Alex Dering, Princeton, N.J., July 27, 2008
I’m not as pessimistic about today’s youth. We do have a major problem with equal-access to high quality schools – but the other problems you cite – TV and the Internet I don’t see as problematic as you do. Teens and kids today are learning these new technologies which will be crucial to working in tomorrow’s economy. Virtual collaboration, web research, subject-matter engagement (through quality blogs and forums – e.g. The Oil Drum) will be important skills.
Do kids waste time on leisure activities? Of course. Is this unique to the upcoming generation? I doubt it. It’s just taking different forms.
Do we have problems with kids playing too many video games and watching too much TV? Yes. But I see far more important threats than this. School-quality – which includes nutrition, physical education, and the liberal and fine arts – is the more important issue.
And don’t worship the baby-boomers too there much John. While the civil-rights marches of the 1960’s were commendable, the boomers have also given us the culture wars and extreme unsustainability in everything from social entitlements to energy to the built environment. The next generation will have to sacrifice greatly to dig our way out of the baby-boomer hole.
Posted by: Curt | July 28, 2008 at 04:13 PM
I'm still waiting for the conjunction of Botox treatments AND tattoos: what happens when your spider-web, demon-skull, or (in the occasional case of *comparatively* good taste) Polynesian tribal designs shrink-up and distort in response to aging, or age-fighting treatments such as Botox and plastic surgery? Only when special-topic entertainment news items such as this appear, will I know that we've finally entered the Age of the Apocalypse.
At any rate, having finally realized after the fact what Phoenix has lost since Mr. Talton has left -- though indeed, had he remained, his columns would (because of the very market pressures he was not previously free to denounce) be the merest ghost of their present, tell-it-like-it-is frankness -- I would, in the spirit of the Internet Age, like to dedicate this wistful music video to his memory:
http://youtube.com/watch?v=grj04zP1Etw
Posted by: Emil Pulsifer | July 28, 2008 at 07:16 PM
You keep trying to associate journalism with literature and all I can do is laugh. I do read the newspapers (online, and only the free pages because no way would I waste money on that) and I find them formulaic, uncritical of the establishment point of view, constantly making excuses for authoritarianism, regularly dishonest and inaccurate, and quite frankly an insult to any reader.
I watch people on the train reading Rupert Murdoch's free "MX" trash and I can certainly say that Rupert will never go broke from underestimating the intelligence of his audience.
I wouldn't buy a newspaper for a child, I don't have that level of cruelty in me. I would buy them an Internet connection because even though the Internet also has plenty of rubbish, it does have the redeeming feature that the reader can be selective and make their own choices about how they see the world. That selectivity is very valuable, sadly we live in an age of blanket disinformation that requires a whole lot of cynicism just to see the end of the street.
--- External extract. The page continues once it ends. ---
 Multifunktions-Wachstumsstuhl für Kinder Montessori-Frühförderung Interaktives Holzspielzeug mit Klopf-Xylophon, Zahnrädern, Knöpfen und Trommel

Also, please, teach kids the basics first. Teach them mathematics, statistics, fundamentals of the physical sciences and teach them the Scientific Method (which is all about skepticism, and testing for yourself). Maybe even teach a bit of simple philosophy too. With those basics they are equipped to make sense of the world.
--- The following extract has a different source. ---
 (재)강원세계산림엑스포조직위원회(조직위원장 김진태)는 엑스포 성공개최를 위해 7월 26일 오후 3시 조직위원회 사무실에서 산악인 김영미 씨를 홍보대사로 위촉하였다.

For learning History, it's hard to beat Wikipedia (yes it is full of errors and whitewash, but so is every history book).
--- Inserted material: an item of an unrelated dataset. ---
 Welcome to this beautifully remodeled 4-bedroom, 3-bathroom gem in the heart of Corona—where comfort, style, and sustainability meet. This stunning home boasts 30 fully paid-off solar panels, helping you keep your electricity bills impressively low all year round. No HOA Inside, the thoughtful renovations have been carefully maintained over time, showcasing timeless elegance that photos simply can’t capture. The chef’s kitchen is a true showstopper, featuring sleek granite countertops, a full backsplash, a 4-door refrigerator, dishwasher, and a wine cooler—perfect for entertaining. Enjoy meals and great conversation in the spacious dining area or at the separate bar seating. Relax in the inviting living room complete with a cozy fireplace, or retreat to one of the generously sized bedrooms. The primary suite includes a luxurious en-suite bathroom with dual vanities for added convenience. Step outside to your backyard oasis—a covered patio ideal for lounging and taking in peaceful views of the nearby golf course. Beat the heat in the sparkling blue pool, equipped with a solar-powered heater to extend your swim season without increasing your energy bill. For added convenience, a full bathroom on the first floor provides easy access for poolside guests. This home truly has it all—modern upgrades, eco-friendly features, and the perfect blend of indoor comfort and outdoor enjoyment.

Posted by: Tel | July 29, 2008 at 03:20 PM
I teach English courses at a local community college and deal with unprepared, under-educated, resentful teens all the time. It is the Age of Entitlement. Not all students fall into this category, but too many do. It's a real problem in Arizona. I write about it sometimes on my blog, www.hotdishing.com Thanks for showcasing this topic! The state of education in this country needs all the help it can get.